Most others who bothered to stop this morning to receive a leaflet flipped through their car window, their new cars nevertheless guzzling gas and spewing emissions, saying they had heard nothing of the student strikes and weren’t interested. More than a few said they did not have children themselves so wouldn’t know. These, for the record, were the very same people who make the policies and produce the services to all children in Plymouth. Yet, apparently, children’s concerns about future social breakdown were not on their radar, nor of interest to them.

By the end of leafleting this morning it had dawned on we precious-few leafleteers, whilst we had woken too early on too many occasions to leaflet the City, and bedded-down far too late at night after desk-top publishing and printing, that only a tiny handful of the population were aware of tomorrow’s Global Earth Strike, and few of those were ready to take part. 

We have had a few hundred school children actively engage with the previous actions, out of a City population of 48,000. Tomorrow, we hope, up to a thousand people of all ages will protest in Plymouth City Centre, and we will engage a new cohort of University under-grads and Primary School placarders into our Cause. Most importantly we will, by sheer effort, have wedged a foot in the door of the trade unions with the potential to activate five-and-a-half million workers.
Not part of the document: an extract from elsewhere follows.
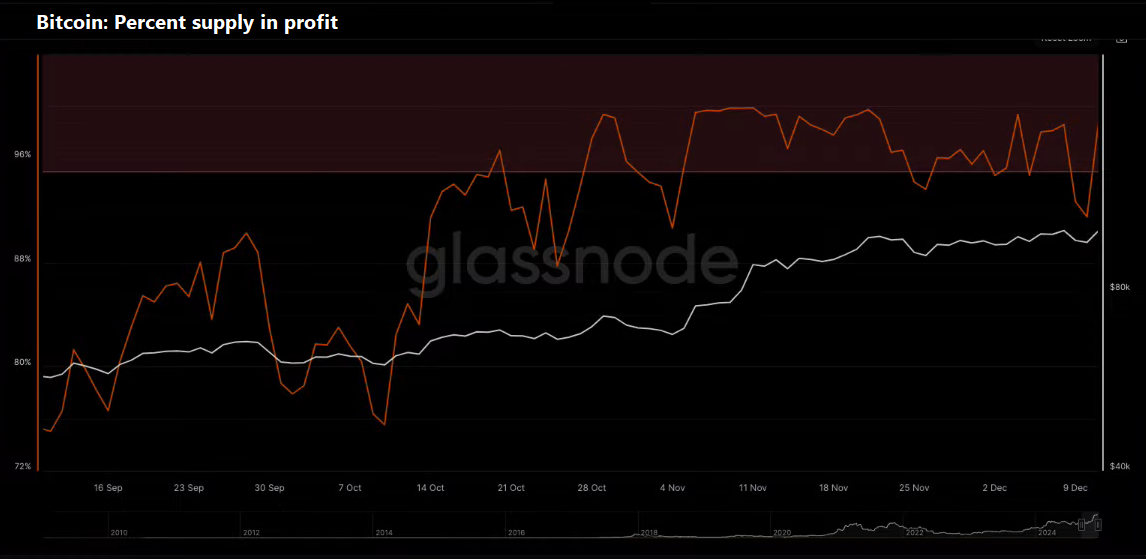 Tỷ lệ BTC có lời cũng tăng lên 98.76%. Mức trên 100,000 USD là mức cao và rất ít thời gian BTC ở mức này.

The issue here is scale. The sheer magnitude of the task. The World will come to an end with a significant proportion of the human population denying its coming as they gasp their last. We can only persist in seeking to activate a sufficient number on the other side – tens of millions in every country – to produce the critical mass needed to overcome the stuffed-up anti-science prejudices and hubris of the narcissistic deniers, and save the Earth.

We have a world to win, but will have to wrench it forcibly from the rapacious cupidity of the powerful and their over-pampered bureaucratic courtiers. But right now, I’m off to mend the megaphone!

18th September 2019

Accumulation

The Capital of Indonesia, Jakarta, is at imminent threat of devastation from rising sea levels and extreme weather events. So much so that the nation is naming another, inland city as its capital and making plans to relocate fifteen million people away from Jakarta. It took time for me to fully appreciate this fact. This is 2019. Climate Change is with us, not some distant prediction.
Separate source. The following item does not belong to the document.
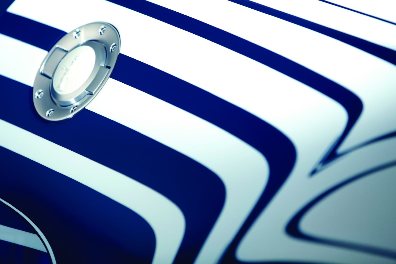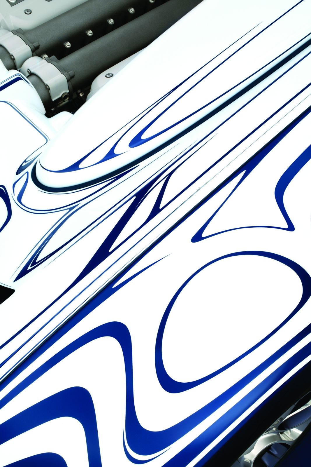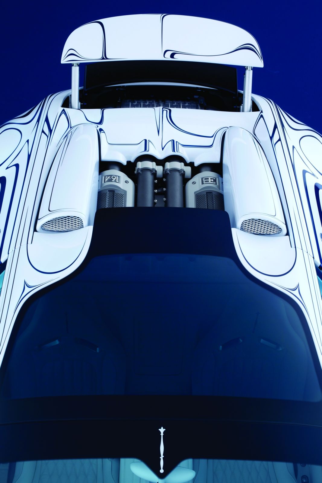 in the next step, bugatti’s paint specialists dedicate themselves to the further completion of the masterpiece. over the course of three weeks, each millimeter of the marked lines are being filled by hand with the characteristic blue color. in addition, the whole body receives five layers of clear lacquer. a varying and powerful gradient of the two colors is generated because the team had used a combination of tapes with different widths. while the blue lines dominate over the white spaces in the lower section of the convertible, the relation of colors inverts on the way to the roof so that the intense white appears even stronger. twelve elements, made of finest porcelain at the berlin based manufactory, complete the aesthetic approach of this special grand sport.

Greta Thunberg spoke on USA TV last night, watched by millions, and observed that in America the issue of Climate Change is something people either choose to believe or not. In Sweden, it’s a question of science and fact. But even if you don’t read the science, the images from the Bahamas or the Amazon or Indonesia cannot fail to offer a sense of something different, something happening, something powerful.
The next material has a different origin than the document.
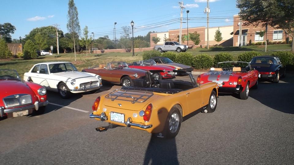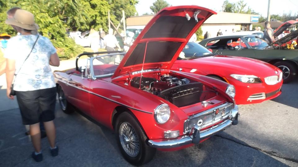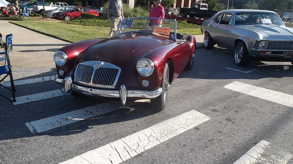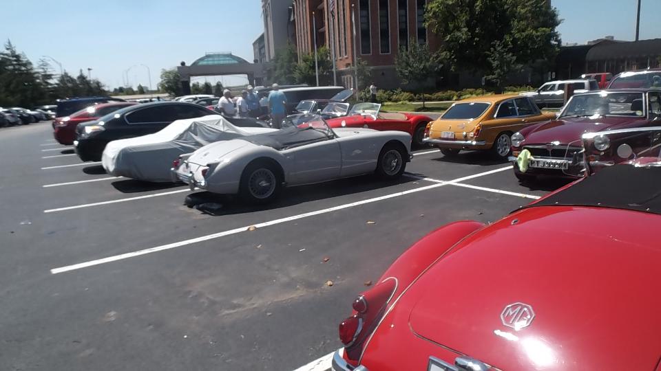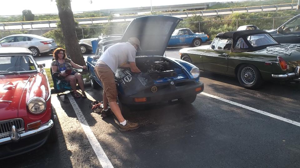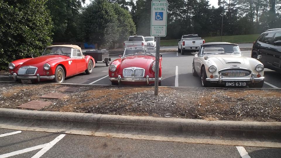 there was a distressed MGB in need of assistance, before we even got out of the car. Running badly on three cylinders? Easily fixed with a spare spark plug from my tool box. Then I was snapping pictures of MGA while walking toward the hotel, and whatever other cars might fall in the background. Count at least a dozen MGA in 100 feet, and there will be many more at this event.

The real problem is the failure of the politicians and their media empires to tell us the facts or anything approximating to the Truth. The IPCC offers the most conservative of estimates, excluding impacts of feedback loops and other phenomena that accelerate the warming impacts (they’re quick to note the aspects of climate that may de-escalate the process). The Committee on Climate Change, the adviser to Government in the UK, chooses to carefully downplay the IPCC report, reducing its concerns to the practical aspects of adaptation rather than prevention:

“…the UK needs to reduce food waste, promote healthy diets, use land sustainably, and improve the condition of habitats; including planting more trees and restoring degraded soils. All of these steps will help to improve people’s lives, improve resilience to climate change and reduce the harmful emissions which cause climate change.” 

And so the media focuses on reducing use of plastics (a singular bi-product of oil) and encouraging us to eat less meat. Their suggestions are fine but won’t stop the catastrophe. This is not so much a lobby group, it’s “independent status” particularly suspect from the start, but a propagandist for business almost as usual.

The CCC is quoted at the very start of the Trade Union Congress resolution this week, calling for a Just Transition to carbon neutral economy by 2050. One conservative summation of the science after another ends up being so weak and distorted as to effectively prevent any action of the scale required to prevent the catastrophe.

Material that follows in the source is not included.